1. FDA (April 10, 2025): plan to phase out animal testing requirements for some programs and increase NAM/model use.
   https://www.fda.gov/news-events/press-announcements/fda-announces-plan-phase-out-animal-testing-requirement-monoclonal-antibodies-and-other-drugs
2. EMA/ICH M10 (effective in EU from Jan 2023): bioanalytical method validation framework.
   https://www.ema.europa.eu/en/m10-bioanalytical-method-validation-scientific-guideline
3. FDA Study Data Technical Conformance Guide (December 2025): submission-facing data format expectations.
   https://www.fda.gov/regulatory-information/search-fda-guidance-documents/study-data-technical-conformance-guide-technical-specifications-document
4. OECD GLP Advisory Document No. 24 (Nov 2024): GLP and IT security.
   https://www.oecd.org/en/publications/advisory-document-of-the-working-group-on-good-laboratory-practice-on-position-paper-on-good-laboratory-practice-and-it-security_90f42001-en.html
5. ARRIVE resources update (Nov 2024): Essential 10 reporting and study design hygiene.
   https://arriveguidelines.org/resources/author-and-reviewer-resource-centre
6. EMA/ICH S5(R3) (2023): reproductive/developmental toxicity modernization.
   https://www.ema.europa.eu/en/ich-s5-r3-guideline-detection-toxicity-reproduction-human-medicinal-products-scientific-guideline
7. NIH statement (July 7, 2025): prioritization of human-based research technologies.
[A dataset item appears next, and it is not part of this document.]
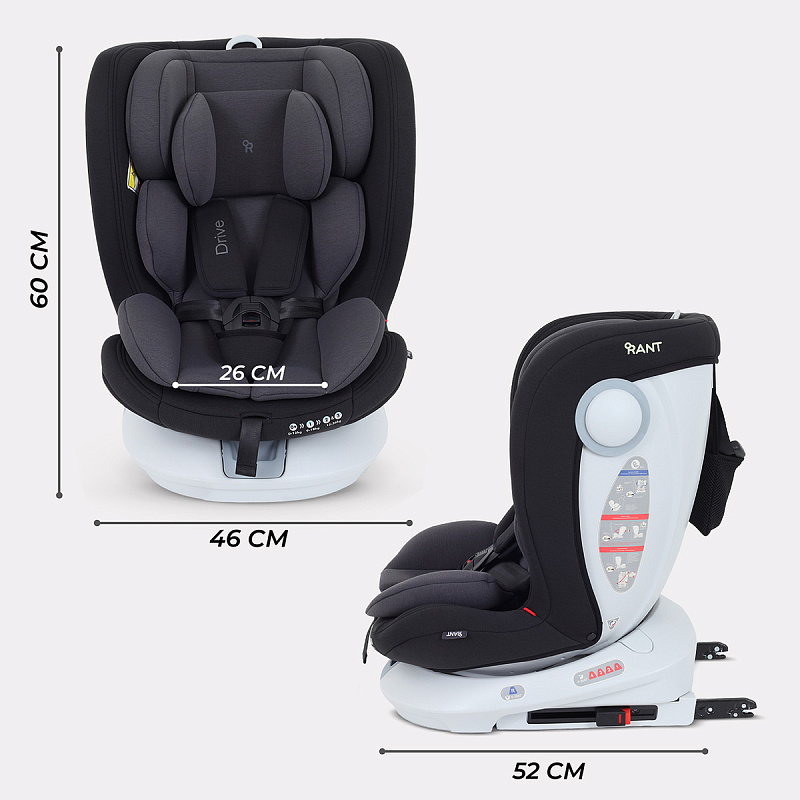 Автокресло rant drive растет вместе с ребенком. Подходит детям с рождения и до 12 лет. Главная особенность автокресла в уникальной поворотной платформе, которую достаточно один раз надежно зафиксировать с помощью isofix и далее спокойно поворачивать на все 360 градусов. Таким образом, облегчается смена положения кресла - по ходу/против хода; значительно проще посадить/достать малыша, ведь кресло можно развернуть боком, а затем выставить либо по ходу, либо против хода движения.

   https://www.nih.gov/about-nih/who-we-are/nih-director/statements/nih-prioritize-human-based-research-technologies
8. CDISC standards development page (accessed 2026): ongoing SEND evolution workstreams.
   https://www.cdisc.org/standards/develop

## Notes

- This package supports planning/operations and data processing; it does not establish efficacy.
- Regulatory expectations are jurisdiction- and program-dependent.